Visualizing slow turn-on time of long life energy saving bulbs
Background
When I bought my hallway lamp a few years ago, I fitted it with energy saving light bulbs. Little did I know that those specific bulbs turned on really slow. I’ve always felt that it took ages before the light output gets close to its final value, and finally I decided to actually measure it as well.
Presenting the result
There are a few different ways to present the results.
- One would be to simply play back the 20 minute video, but with a large speedup.
- Another would be to simply show the intensity vs time plot
- My approach was to combine both of them.
Combining both the video frame, and an animated plot:
Measurement setup
I used a Logitech C615 web camera. It has the ability to lock all settings to manual mode, so the camera won’t adapt to changes in the environment. That meant that I could set it up for a decent image after the hallway lamp had been running for an extended period of time, turn the lamp off for an hour, and then record a video where one would see how the hallway lamp slowly turns on.
Analyzing the video
I started by extracting one frame every second from the video file using ffmpeg
ffmpeg -i /media/slow_hall_lamp.mp4 -r 1 output_%06d.png
Since I’m working in octave quite often (a tool that aims to be matlab compatible), I decided to use octave for graphing. At first, I checked the same square in each and every image to get the intensity. The three lamps turned out to differ a bit in how fast they turned on, so I changed strategy.
The final strategy was to take the mean of almost all pixels in each video frame. The only pixels I excluded was those with an intensity exceeding the gray level value 200 in the final (brightest) frame, and pixels far to the right of the lamp.
Source code:
%
% Octave script used for generating a visualization of slow turn-on time
% of long life energy saving bulbs
%
% Copyright (c) 2014-2015 Simon Gustafsson (www.optisimon.com)
%
%
% Notes about the work flow needed to generate the video:
%
% 1) Extract an image every second from a video stream:
% ffmpeg -i /media/slow_hall_lamp.mp4 -r 1 output_%06d.png
%
% 2) Run this script. Make sure in_folder, out_folder, and plot_folder
% points to existing folders, and that the in_folder isn't empty.
%
% 3) ffmpeg didn't want to read the images unless they was numbered from zero
% (but this scripts first image was 17, so i'm just reusing that image)

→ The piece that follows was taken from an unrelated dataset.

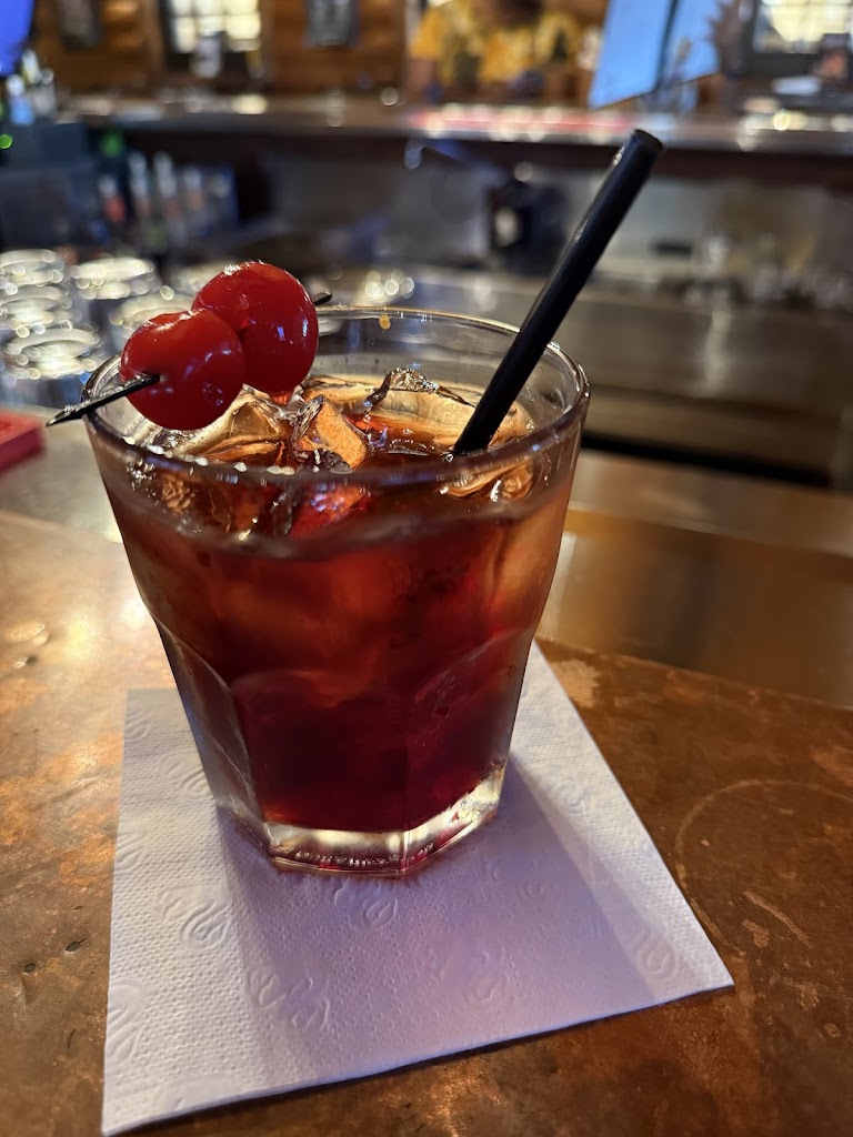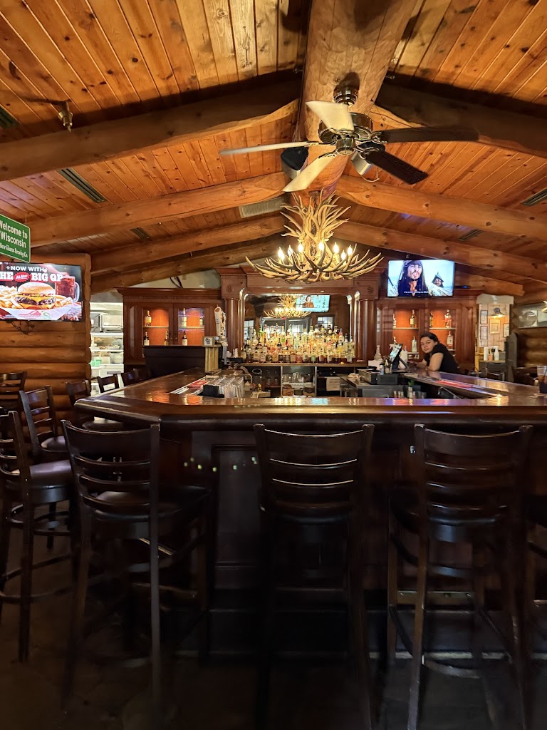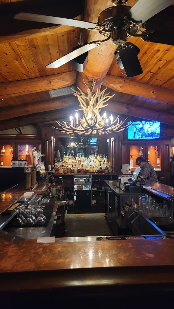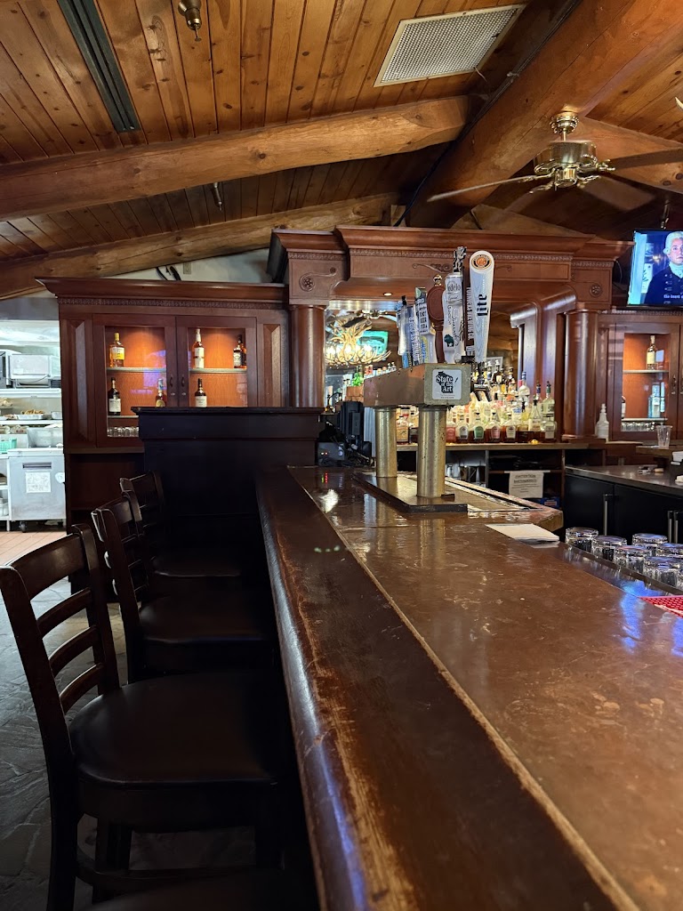 A relaxing wood horseshoe bar set in a western-style lodge setting. Friendly bartender and busy lunch atmosphere. Diverse clientele and easy vibes. Nice strong Manhattan cocktail set the tone.

% for var in `seq 0 16` ; do cp combined_000017.png combined_`printf %06g $var`.png ; done
%
% 4) converting the movie into something that windows media player / vlc / virtualdub can use
% avconv -r 24 -f image2 -i /home/simon/combined/combined_%06d.png -vcodec rawvideo -r 24 -pix_fmt bgr24 output.avi
%
% 5) Could not use the video in the video editor directly (Movie Studio Platinum 12.0),
% so had to run it once through VirtualDub (still raw output, but fast reprocessing...)
%
page_screen_output(0);
in_folder = "slow_hall_lamp"
out_folder = "combined"
plot_folder = "plot"
% Needed to revert to using gnuplot for graphs on my ubuntu 14.04
% installation. (seems like newer versions of octave are using an opengl
% backend for plotting graphs, which refused to print the plots with my
% requested dimensions)
graphics_toolkit("gnuplot")
function plot_fname = plot_and_save(n, vals, plot_folder)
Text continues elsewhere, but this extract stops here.